National Route 6 (国道6号, Kokudō Roku-gō) is a Japanese highway from Tokyo to Sendai that goes through the cities Mito, Iwaki and Sōma. It traces the old Mito Kaidō route from Tokyo to Mito, and, for much of its 353.6 km route, it runs parallel to the Jōban railway line and the Jōban Expressway.

==Route description==
Originating in Chūō, Tokyo (at Nihonbashi, which also marks the origins of Routes 1, 4, 14, 15, 17 and 20), it ends in Miyagino-ku, Sendai (at the Nigatake interchange, junction with Route 45, also the origin of Route 47)

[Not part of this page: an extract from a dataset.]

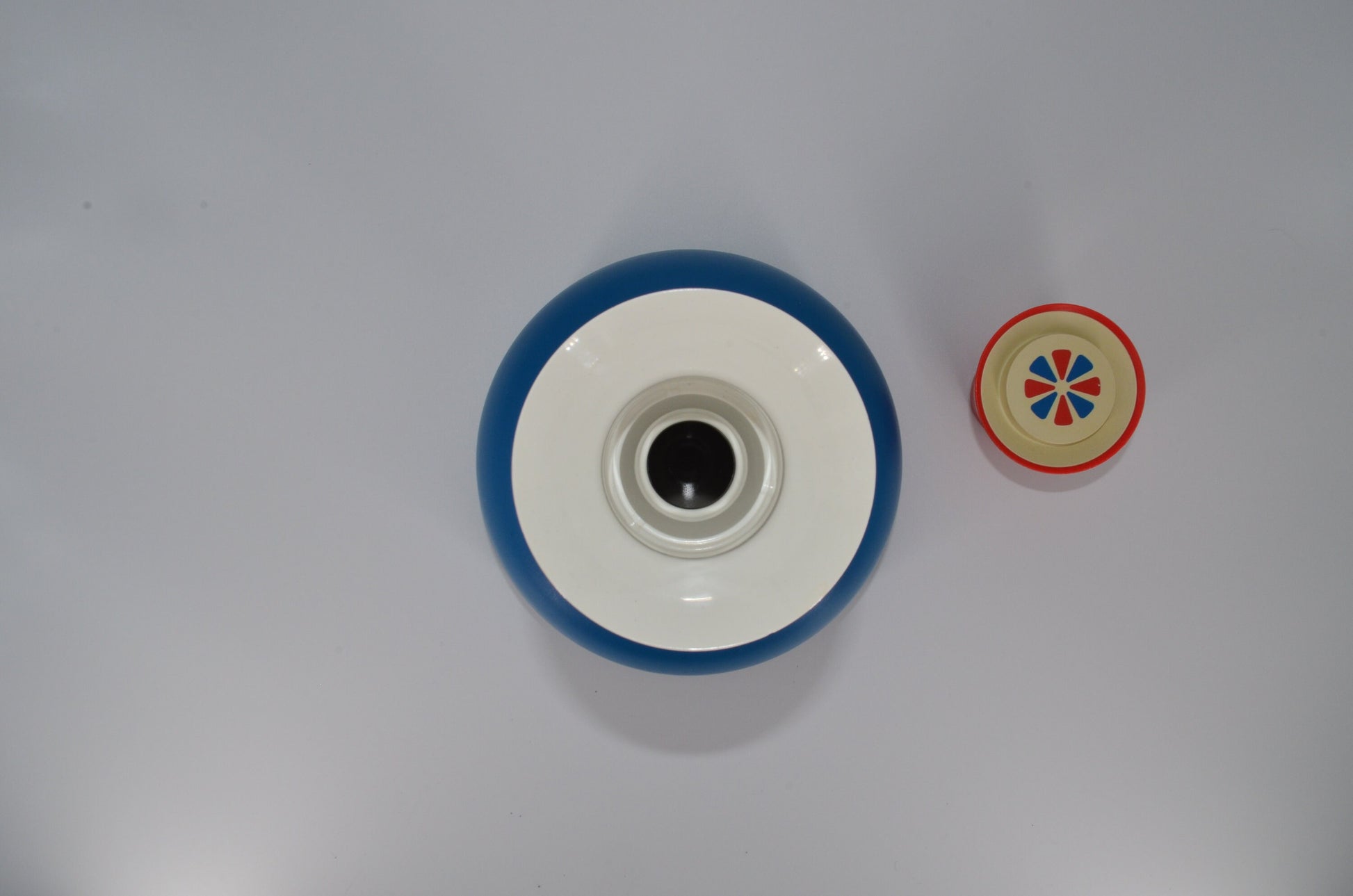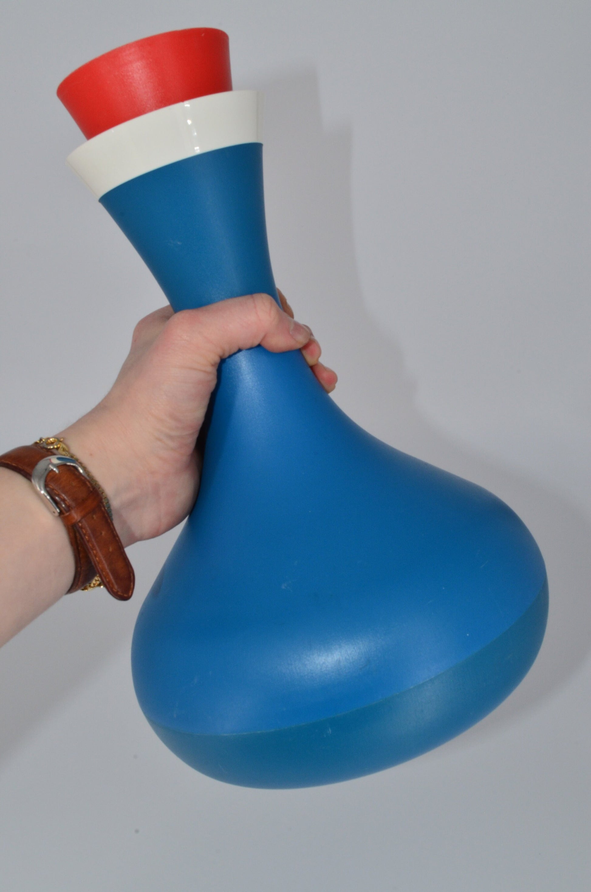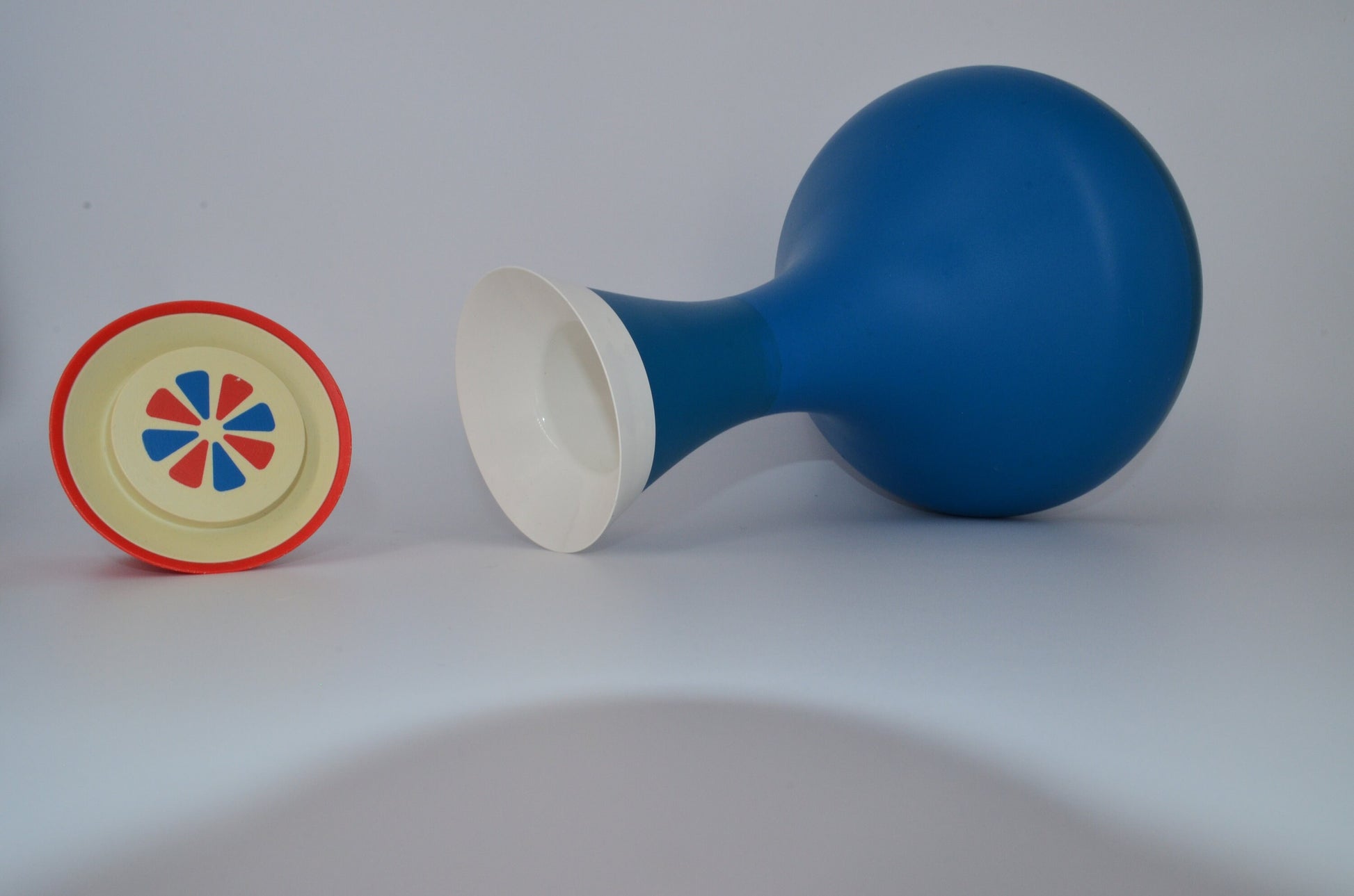 This shape is very space-age design, great addition to any atomic collection. Wonderful pop of color for the kitchen. Pairs nicely with several of our other kitchen items.

Major cities and villages it passes through include: Kashiwa, Toride, Tsuchiura, Ishioka, Mito, Hitachi, Iwaki, Tomioka, Ōkuma, Sōma, Watari, Iwanuma

The actual terminus is Iwanuma in Miyagi (at the Fujinami intersection) which is the junction of Routes 4 and 6. In the areas north of Iwanuma which overlap with the Route 4, signboards for Route 6 are not posted. The distance from Tokyo to Iwanuma is 334.0 km. This is equivalent to the distance from Mito to Kakegawa / Ichinoseki.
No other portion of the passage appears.